• _What you are asked to do_
Your copy of the entries below should hold exactly the lines from the one containing "Vertical crack bisects" to the one containing "Project Description: Desktop", inclusive, and no pictures.

+++ Source material +++

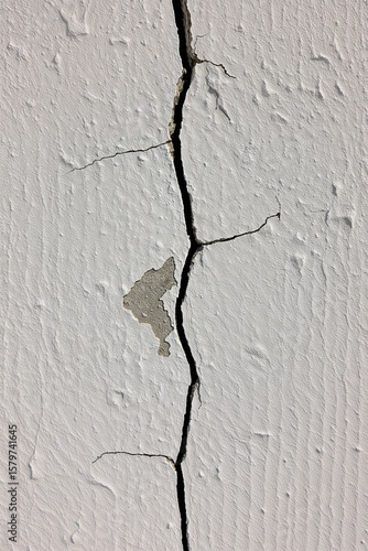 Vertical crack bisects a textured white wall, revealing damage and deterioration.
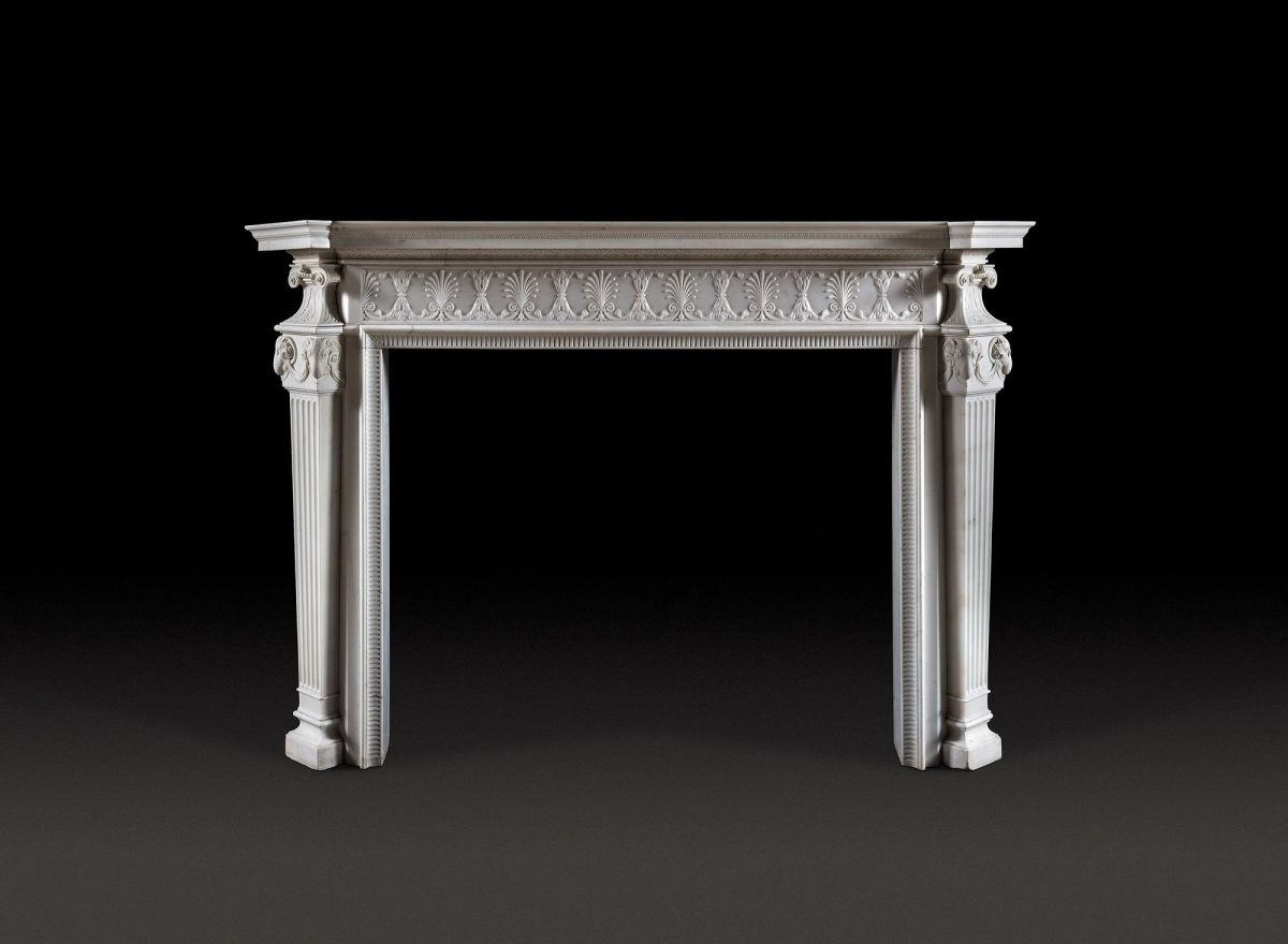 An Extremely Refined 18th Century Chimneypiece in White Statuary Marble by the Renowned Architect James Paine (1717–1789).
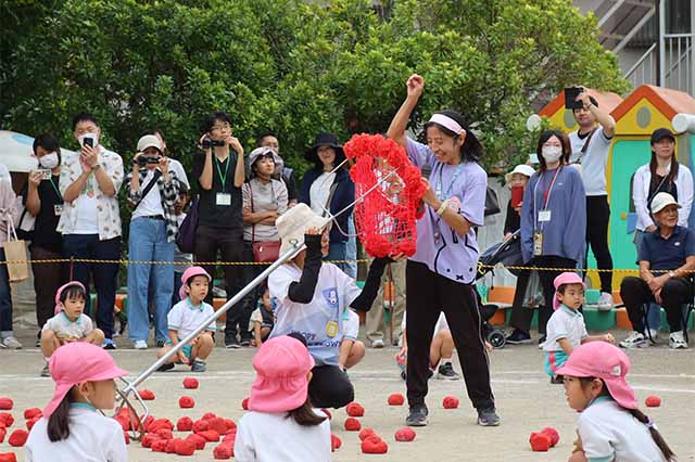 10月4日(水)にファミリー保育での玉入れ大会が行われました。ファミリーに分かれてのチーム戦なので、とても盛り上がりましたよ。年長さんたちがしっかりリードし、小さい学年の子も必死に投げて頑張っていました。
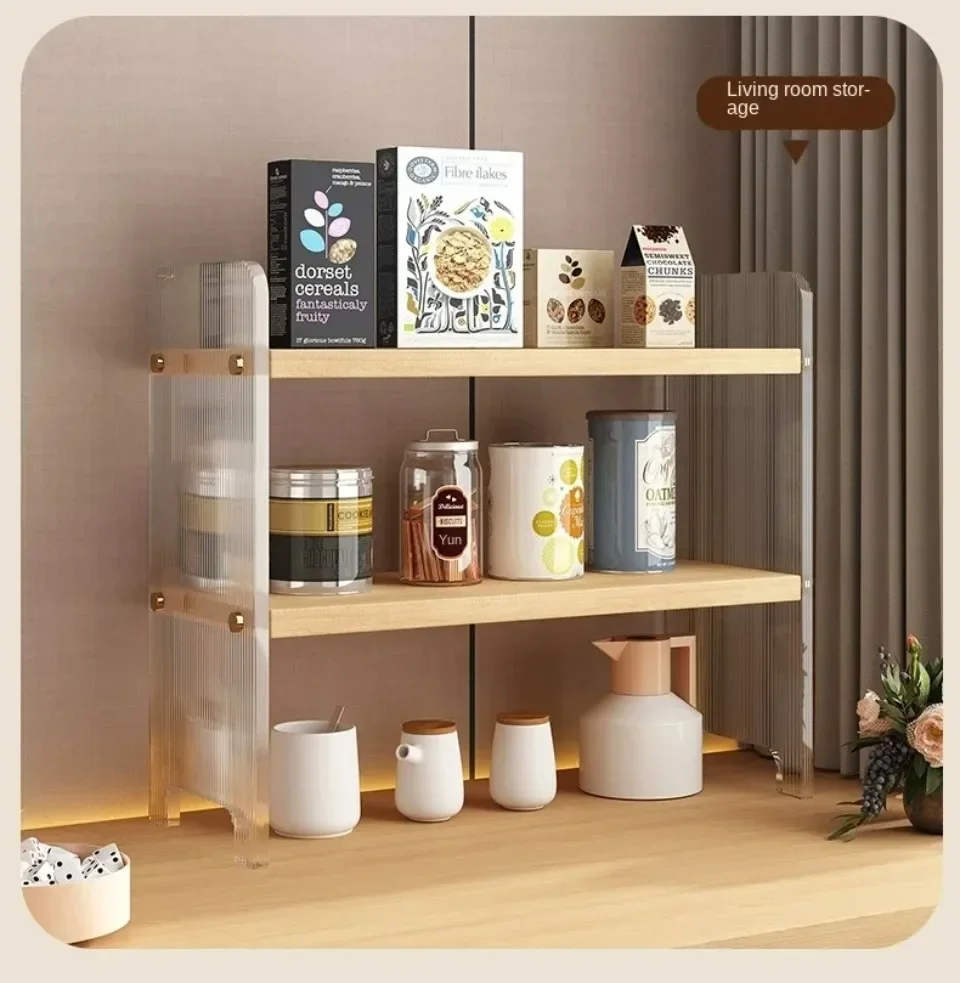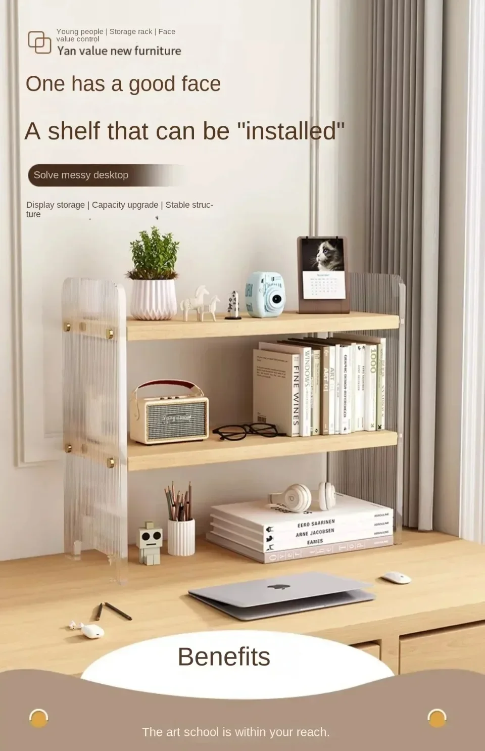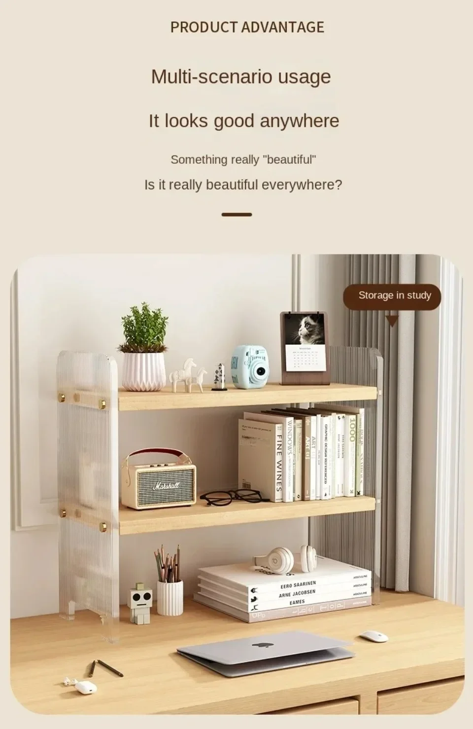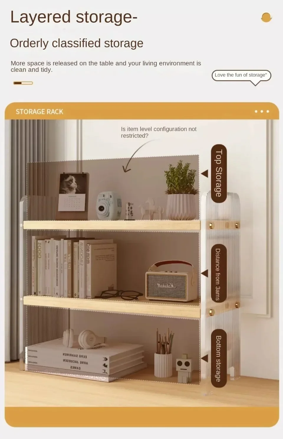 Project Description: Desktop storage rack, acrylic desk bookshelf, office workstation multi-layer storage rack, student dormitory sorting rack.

+++
+++ Source material +++

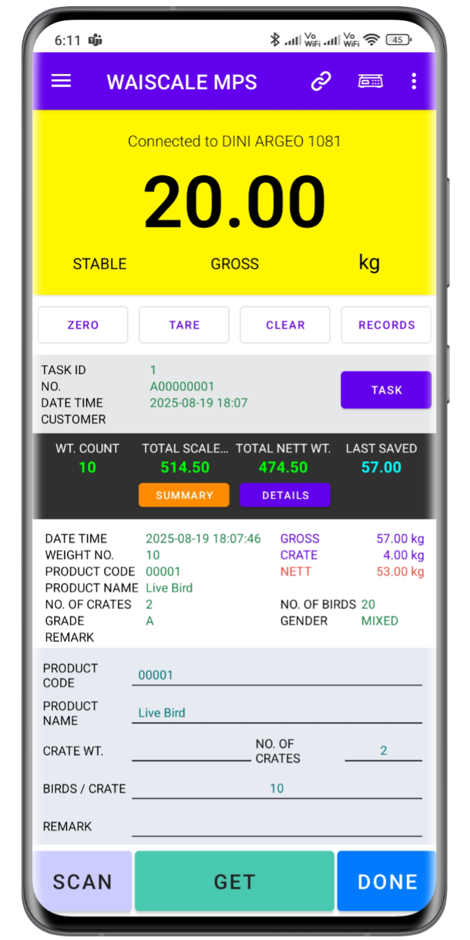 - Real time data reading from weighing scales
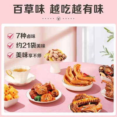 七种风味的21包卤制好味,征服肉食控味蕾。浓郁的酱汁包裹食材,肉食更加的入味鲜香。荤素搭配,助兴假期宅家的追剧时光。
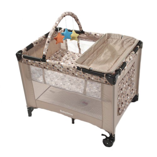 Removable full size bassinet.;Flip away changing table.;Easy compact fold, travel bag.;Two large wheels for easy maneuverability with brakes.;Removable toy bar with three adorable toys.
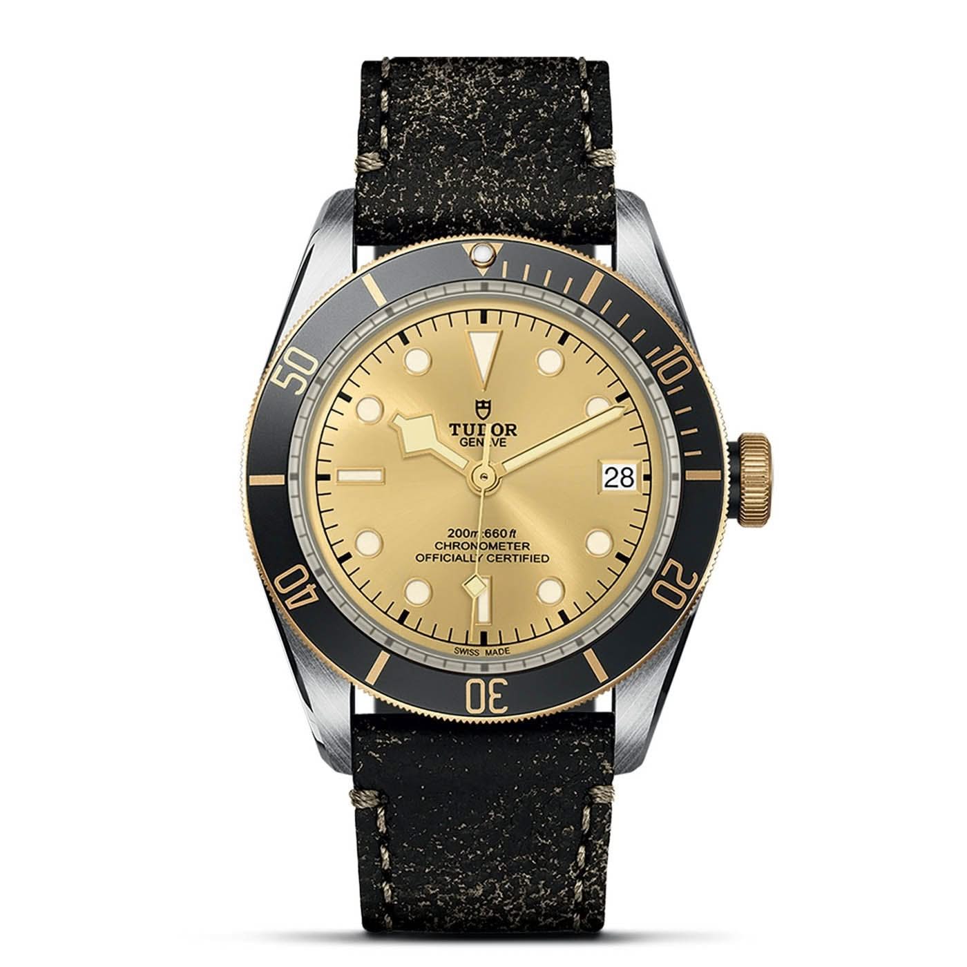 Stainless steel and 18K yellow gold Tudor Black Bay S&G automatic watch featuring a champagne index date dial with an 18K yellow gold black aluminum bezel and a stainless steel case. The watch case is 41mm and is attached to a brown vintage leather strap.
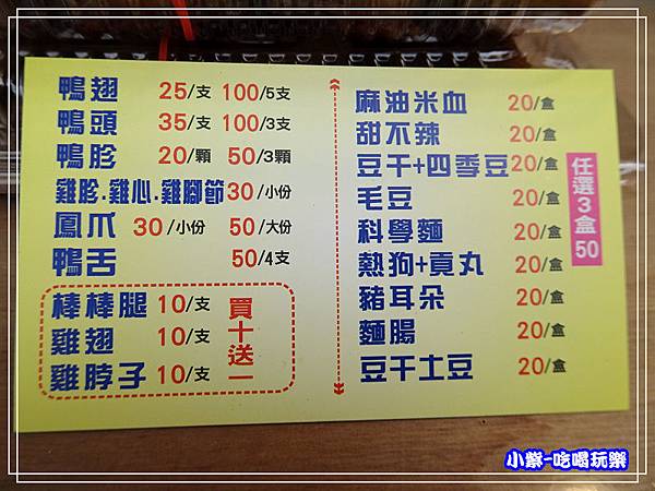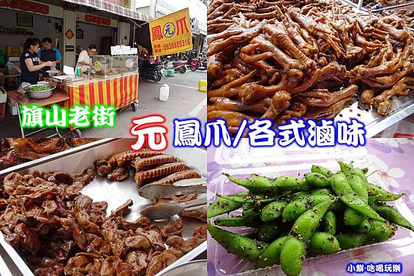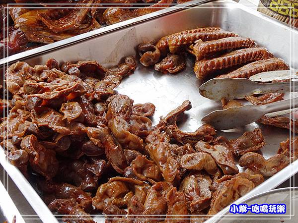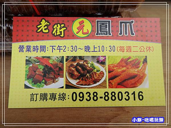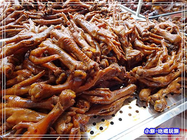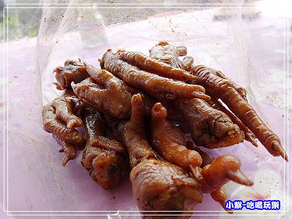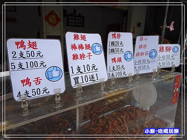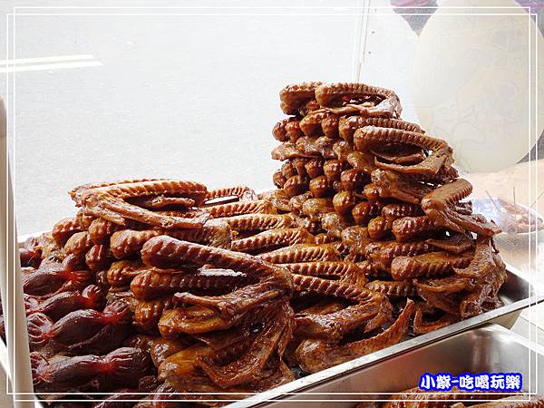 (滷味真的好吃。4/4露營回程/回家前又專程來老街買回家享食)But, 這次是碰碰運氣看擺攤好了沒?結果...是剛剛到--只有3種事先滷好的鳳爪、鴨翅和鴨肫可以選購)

+++

• _Written answer_
 Vertical crack bisects a textured white wall, revealing damage and deterioration.
 An Extremely Refined 18th Century Chimneypiece in White Statuary Marble by the Renowned Architect James Paine (1717–1789).
 10月4日(水)にファミリー保育での玉入れ大会が行われました。ファミリーに分かれてのチーム戦なので、とても盛り上がりましたよ。年長さんたちがしっかりリードし、小さい学年の子も必死に投げて頑張っていました。
 Project Description: Desktop storage rack, acrylic desk bookshelf, office workstation multi-layer storage rack, student dormitory sorting rack.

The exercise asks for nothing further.